Holy moly! Look at those beautiful birds.


----------



## Horseshoe (Oct 15, 2003)

Looks like some dandies in there. Good luck bagging one Dan!


----------



## dsconnell (Aug 29, 2007)

There are quite a few good ones this year Jeff!! These pics are right across the tracks from where we setup in the ground blind with guage a few years ago.. Goint to pull a card from another camera today to see whats on another property I have never hunted..


----------



## bustapapa (Mar 25, 2009)

keep scouting dan.cant wait to get up to hunt...don


----------



## dsconnell (Aug 29, 2007)

Have lots of birds pegged already just waiting for D Day!! LOL!! :lol:

All the guys I am taking are in the May season so they are safe for a little bit yet.. I did take my buddies 15 yr old boy out yesterday morning and put 4 jakes in front of him at 10-20 yards and he would not pull the trigger and then last night about 7:30 put a tom in front of him at 25 yards and he got turkey fever and missed at 25 yards, 35 yards and 45 yards or close to those.. :lol: I dont know how he missed cause he was using my gun and I know its patterned to kill but I will probably get him back out after the weekend!

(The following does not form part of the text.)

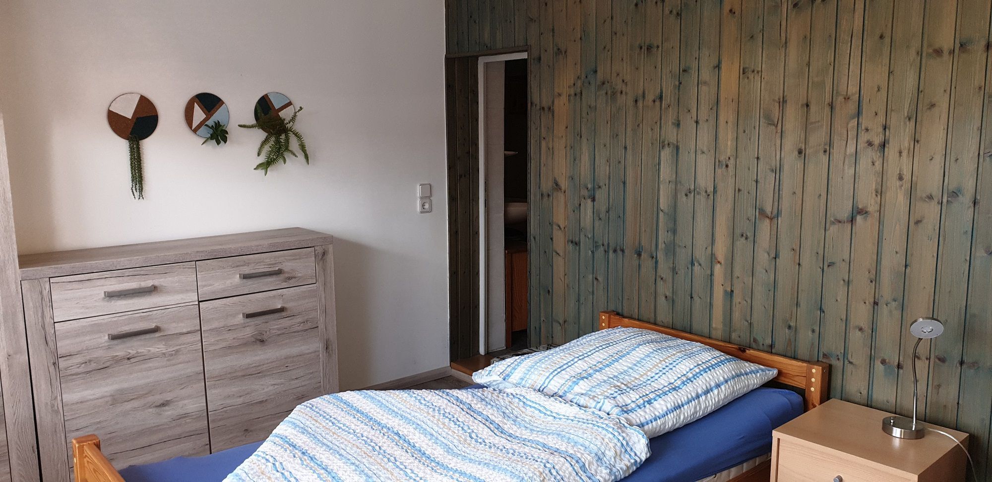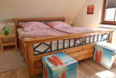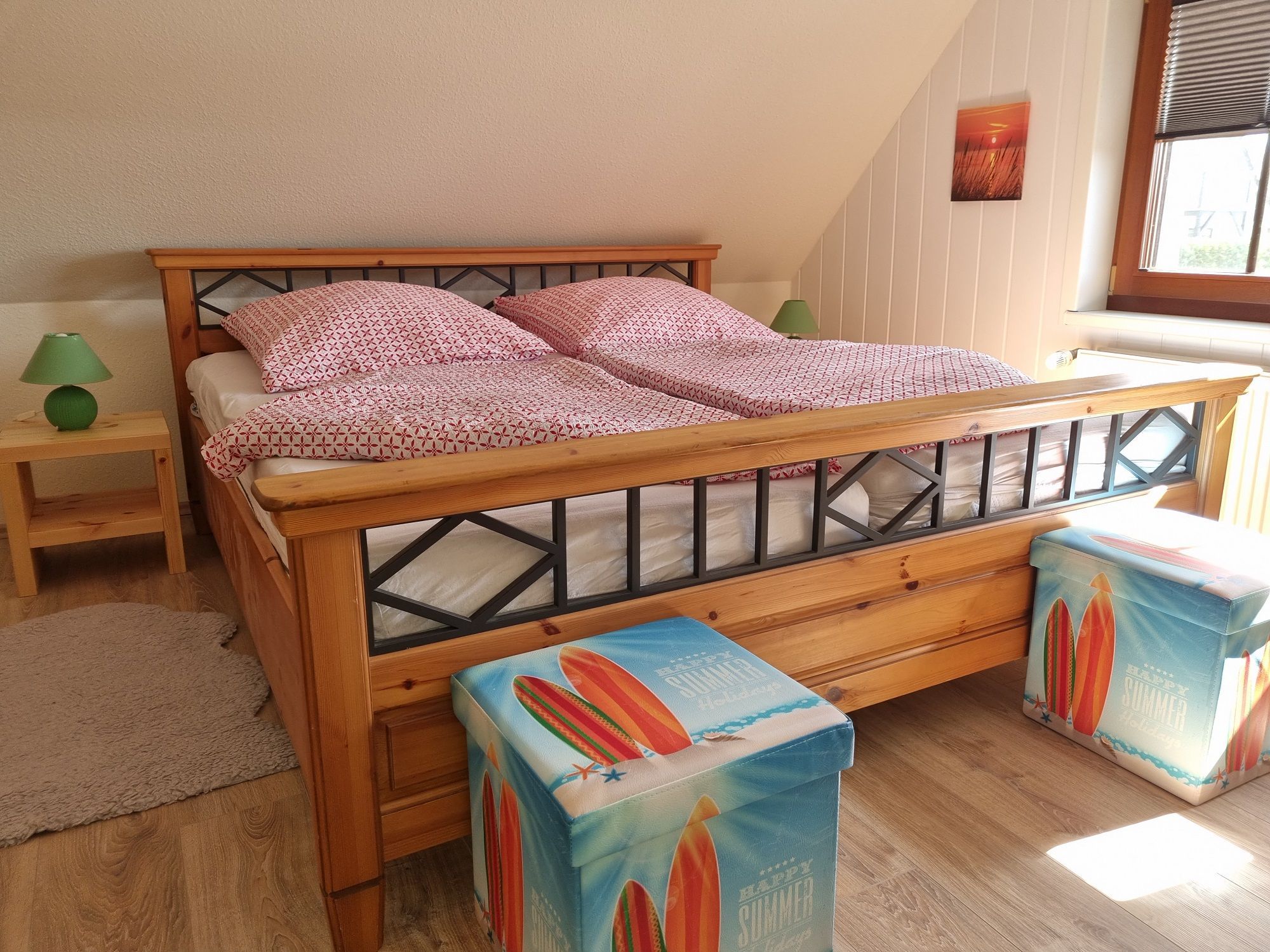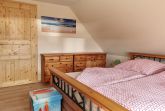 Das 2. Schlafzimmer im Obergeschoss ist ebenfalls mit einem Doppelbett und einem zusätzlichen Einzelbett eingerichtet.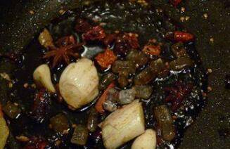 4、用锅中余下的少许油将葱、蒜、干红辣椒、大料、桂皮、香叶、丁香炒出香味。

Taking my daughter to Indiana this Friday to get her her first turkey!


----------



## Horseshoe (Oct 15, 2003)

Thought maybe that was the swampy area in background, but certainly the same neck of the woods. Good luck getting that young feller back on a bird. Certainly looks like plenty there to play with.


----------



## dsconnell (Aug 29, 2007)

Dont have him hunting there Jeff.. This was over behind his place.. I have not been to this property as of yet.. Just been watching it.. He has a real big one over by his house he just didnt show so hopefully once this weather breaks he will turn back up and we can get after him..


----------



## unclecbass (Sep 29, 2005)

great pics, thanks for posting. Love to watch em strut!!


----------